In this post, you’re going to learn about the idea of becoming good enough to practice.
Practice what you know to get good fast
Think about it: if the only purpose of practice was to work on something that you couldn’t do yet, then you would expect experts to spend most of their time practicing brand new things. Yet if you talk to any professional level performer, you’ll find just the opposite.
Pro basketball players do free throw drills; black belt martial artists work on their basic kicks; pro soccer players drill one-touch passing; ballet soloists spend hours at the barre; orchestra musicians practice scales every session. Why?
Practice trains your body and mind to repeat what you have done.
As you develop your fluency with the skill, you are then able to make minor adjustments so you can perform the skill reliably when circumstances change.
The fine-tuning aspect of practice is incredibly important: it’s no good to learn how to hold a one-footed spin if you can’t adjust to the stickiness of the floor, the power of your leader’s pulse, or how tired your ankles are at 3am.
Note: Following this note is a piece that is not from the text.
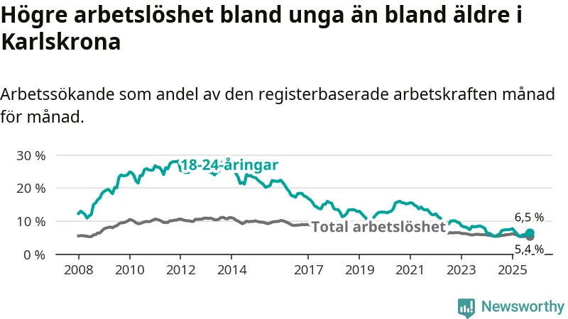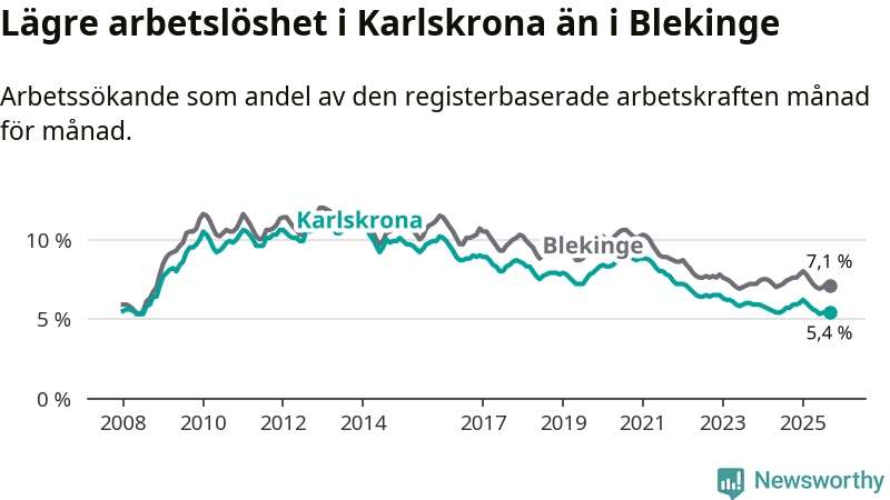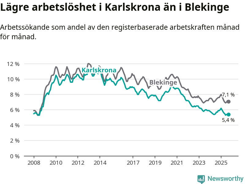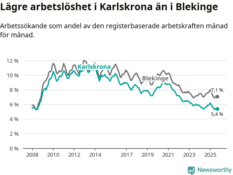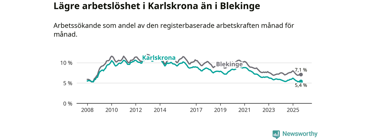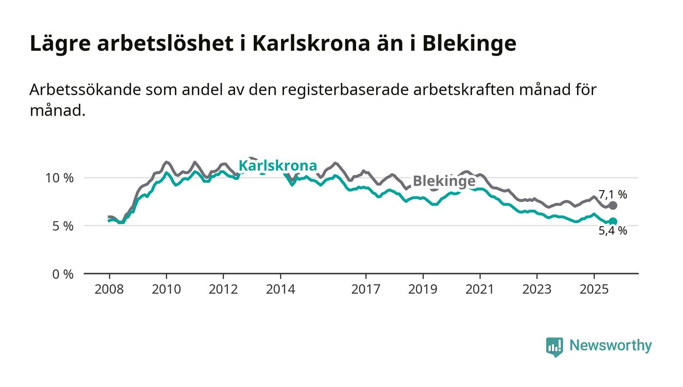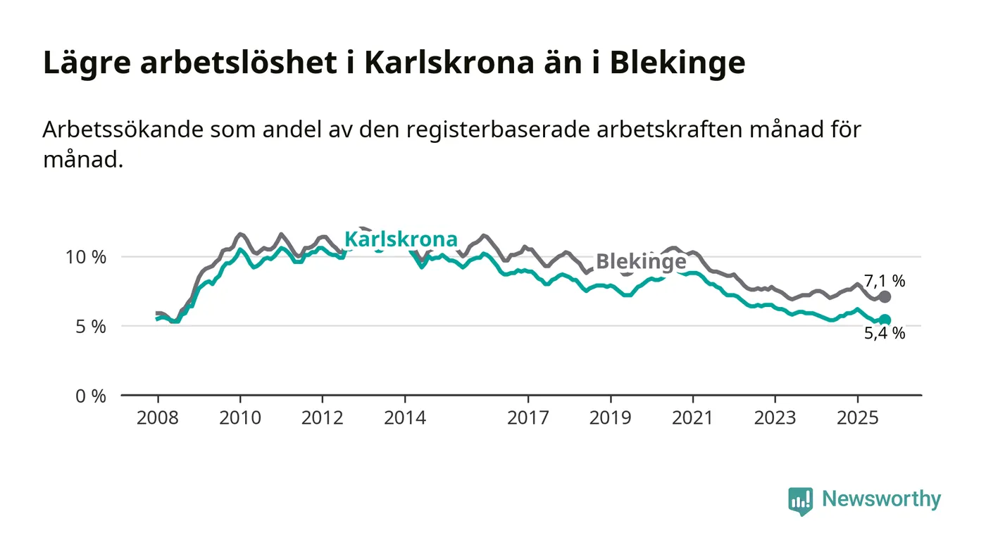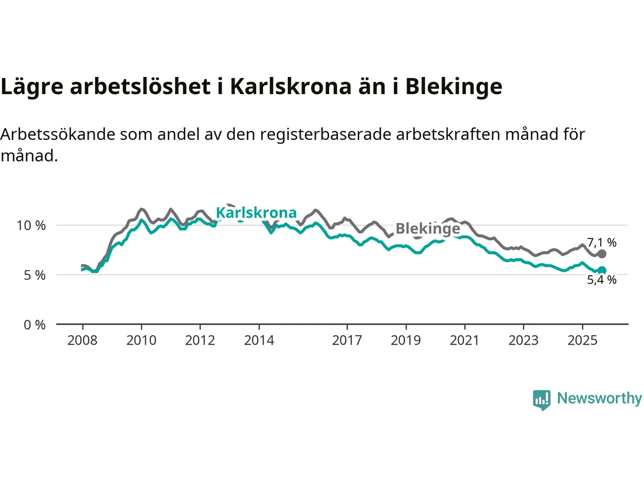 Under september månad rapporterade Karlskrona kommun en total arbetslöshet på 5,4 procent. Det är en minskning jämfört med samma tidpunkt i fjol (−0,3 procentenheter). Även i Blekinge län sjunker arbetslösheten .

But this sort of fine tuning simply cannot occur until you can execute the core principles of the movement without effort.
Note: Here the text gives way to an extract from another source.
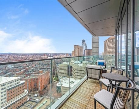 First offering of a highly sought-after A unit floor plan since the sellout of the upper residences at Raffles Boston Residences, this 1,832 sq ft southwest corner home defines elevated city living. Featuring two bedrooms, two and one half baths, and a full-size den, the layout is refined and functional. Floor-to-ceiling exposures capture sweeping views of the Boston Harbor Islands and the Charles River, with striking sunsets and natural light throughout. A private terrace overlooks Back Bay and the South End, extending the living space outdoors. Interiors are appointed with Sub-Zero and Wolf appliances, marble finishes, spa-like baths with soaking tub, and three customized closets in the primary suite. Custom wallpaper, lighting, and window treatments complete the home. Two valet parking spaces and private storage included. Residents enjoy 24-hour concierge, valet, in-residence dining, housekeeping, butler service, spa, fitness center, and indoor pool.

If you need to consciously think about holding your ankle to your leg when you balance on one foot, you won’t be able to think or react quickly enough to adjust the height of your free foot when your supporting leg wobbles.
The next time you practice, try changing your focus.
Instead of asking what skill you need to practice, ask yourself what skill is good enough to practice.
Find something that you can do well and try to discover just how much more you can do with that skill.
It might be learning how to sustain or control a movement over a longer period of time, it might be how to adjust the movement in order to adapt to a different circumstance, or it might be polishing a transition that you never paid attention to before now.